When I arrive home, Dog rushes to meet me but with slightly less fervour than usual. I do not greet him. I do not say “It’s the incredible jumping Dog!” as I usually do as he launches himself at me on just two feet (Dog is on just two feet – I am always on two feet unless something has toppled me). I go to the postbox without saying “See you in a little while” which is the signal I am coming back. He worries and frets and casts covert glances at me. Mr Mason goes out on the town to see the band of a friend’s daughter. Oh, how old that makes us sound! He leaves without saying “Goodbye” to Dog. Dog sleeps in his basket quietly and when I tell him to come and have a wee before I go to bed, he does so quietly and without fuss. I go to bed and leave him on his own. In the morning we don’t greet him. I don’t say “Good morning” which is the signal that he can come and see me in bed. He skulks about, disconsolate. The door into the breakfast room which can be a source of terror for him if it is not fully open becomes one he can easily slip through, so desperate is he to please us and have amicable relations restored.
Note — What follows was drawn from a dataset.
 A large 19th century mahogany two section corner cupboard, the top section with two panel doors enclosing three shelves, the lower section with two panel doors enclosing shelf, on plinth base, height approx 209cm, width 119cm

Mr Mason and I go out to the shops and Dog stares with his prize-winning sad eyes at us through the window. As soon as he has successfully come back to the lead on his walk, we can be friends again. The risks of him getting killed outweigh the distress the temporary withdrawal of contact makes. Many moons ago, when Dog was quite a bit younger, he failed to come back to the lead. I think I may have told this story already but I really feel it is worth repeating. Mr Mason, after trying many times to capture the very speedy Dog, lay down on the path in the park and whimpered, feigning illness. Dog, being curious, came up to see what was the matter whereupon he was caught and Mr Mason was able to stand up and cough a few times whilst ignoring the stares of astounded onlookers. He has not repeated this obviously successful technique, no matter how many times I ask him. Spoilsport.